Despite the election of a new government which has pledged reforms in Sri Lanka "a disturbing dark reality remains: the absence of justice for the massacre of thousands of Tamil civilians in "No Fire Zones" at the civil war's end in 2009" said Callum Macrae, the director of the documentary, 'No Fire Zone: the Killing Fields of Sri Lanka'.

Writing in the journal, Foreign Policy, Mr Macrae said: "on the need for truth, justice, and an end to impunity and bold political solutions to the long-standing injustices suffered by the Tamils, the new government has shown precious little genuine progress."

See here for full opinion.

Extract published below:

"Unless the new Sirisena government can prove it is now capable of mounting a credible domestic investigation and prosecution, nothing has changed. And in September the Human Rights Council should move straight to the process of establishing an internationally-mediated process to prosecute the accused.

That is what should happen. It doesn’t mean it will.

Colombo will certainly bluff and bluster, as ever, about its vague intentions of acting. In September it might even propose a resolution that could, in effect, say: “Thank you for that inquiry report. We are shocked too. Now hand it to us and we will deal with it.” Then it would likely follow the time-honored Sri Lankan practice of setting up a Commission that will do nothing.

How can the future avoid this travesty of justice? Members of the Council must be clear that the Sri Lankan government only has six months to demonstrate that in practice circumstances have genuinely changed since the Rajapaksa regime – and that means bold and urgent steps.

At the very least, the government should sign up to the Rome Statute, and thus the International Criminal Court (ICC). This poses no threat to the state’s sovereignty. Like the UN itself, the ICC only intervenes if a state fails to deal with crimes like ethnic cleansing, crimes against humanity, and genocide. If the new government is serious about dealing with these issues, it has nothing to fear from signing up for the ICC. On the other hand, if it the government does not sign up, it leaves itself subject to the suspicion that it has no intention of dealing with these issues, or even worse, ensuring such crimes are not committed in the future.

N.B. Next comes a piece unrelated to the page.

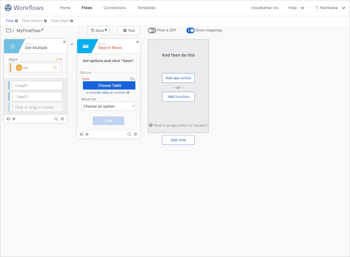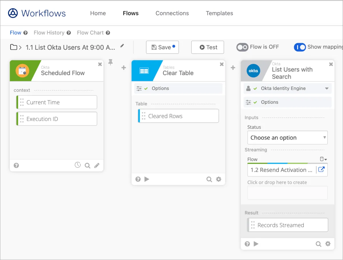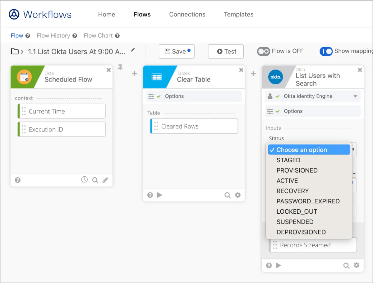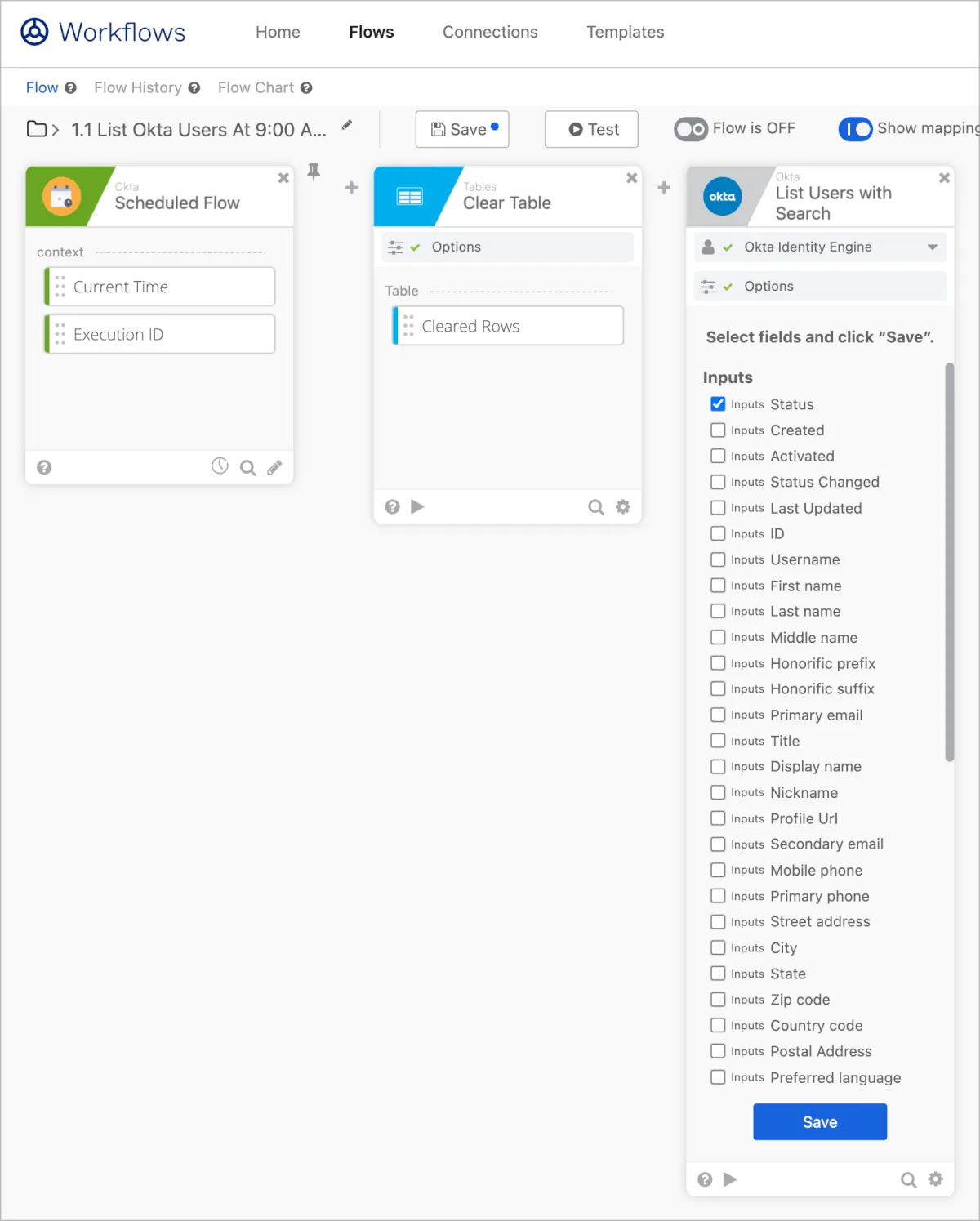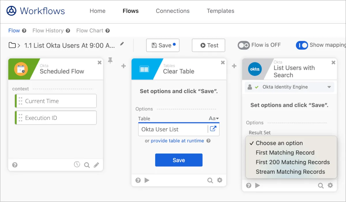 検索オプションでFirst matching Record、First 200 Matching RecordもしくはStream Matching Recordsから選択しSaveをクリックします。Oktaユーザーが多い場合はFirst 200 Matching RecordかStream Matching Recordsを選択するとよいでしょう。First 200 Matching Recordの場合はList形式で出力されます。Stream Matching Recordsの場合はHelper Flowを指定し、処理を行います。

This does not mean the ICC is necessarily the solution. It does not act retroactively to deal with crimes committed before a state signs up unless either the country itself agrees, or the Security Council passes a resolution to this effect, and that would almost certainly be vetoed by China or Russia.

Other steps demanded of the government should include publication of the lists of prisoners it holds (possibly in the thousands), and information on their release or trial. It should include an invitation to the OISL investigators, and the UN’s special rapporteurs, to come to Sri Lanka and do their work unencumbered. It should include the demilitarization of the North and East, an end to the climate of sexual violence, and significant progress on the return of seized Tamil lands. A guarantee that new laws supposedly protecting witnesses are actually enforced should also be present. It should mean an end to intimidation of people exercising their legal right to demonstrate.

The Sri Lankan penal code should also include the international statutes that forbid crimes against humanity, war crimes, ethnic cleansing and genocide. Sri Lanka cannot expect the world to accept it will seriously investigate these crimes when it does not recognize them in its penal code.

Without these steps, the Human Rights Council should conclude that this government, like the last, is in no position to ensure a credible domestic judicial process that would enjoy the trust and respect of all of Sri Lanka’s communities.

If the ICC is ruled out, either by a Sri Lankan refusal to refer itself voluntarily, or a Russian or Chinese veto, then the Council must create an alternative.

And one option with a chance of acceptability by the majority of countries on the Human Rights Council – in particular those from the Global South who are understandably anxious to avoid what could be perceived as too “western” a mechanism – would appear to be a special court on the lines of the Sierra Leone Court. As a “hybrid” court, its location would be Sri Lanka with domestic input, but it would be an international court in every other sense.

The UN would appoint two-thirds of the judges and prosecutors, and the Sri Lankan government would appoint one-third. Anything less than a two-thirds international weight would be unacceptable and create mistrust among the Tamil community. Also essential would be the appointment of international judges and prosecutors by the UN, but not by elements chosen or favored by the Sri Lankan government. Sri Lanka has a record of incorporating an allegedly “international” element into its so-called inquiries to give them credibility, only to have that ploy subsequently discredited. Given its failure to stop the massacres in the first place, the world owes it to Sri Lanka to not fail its people again.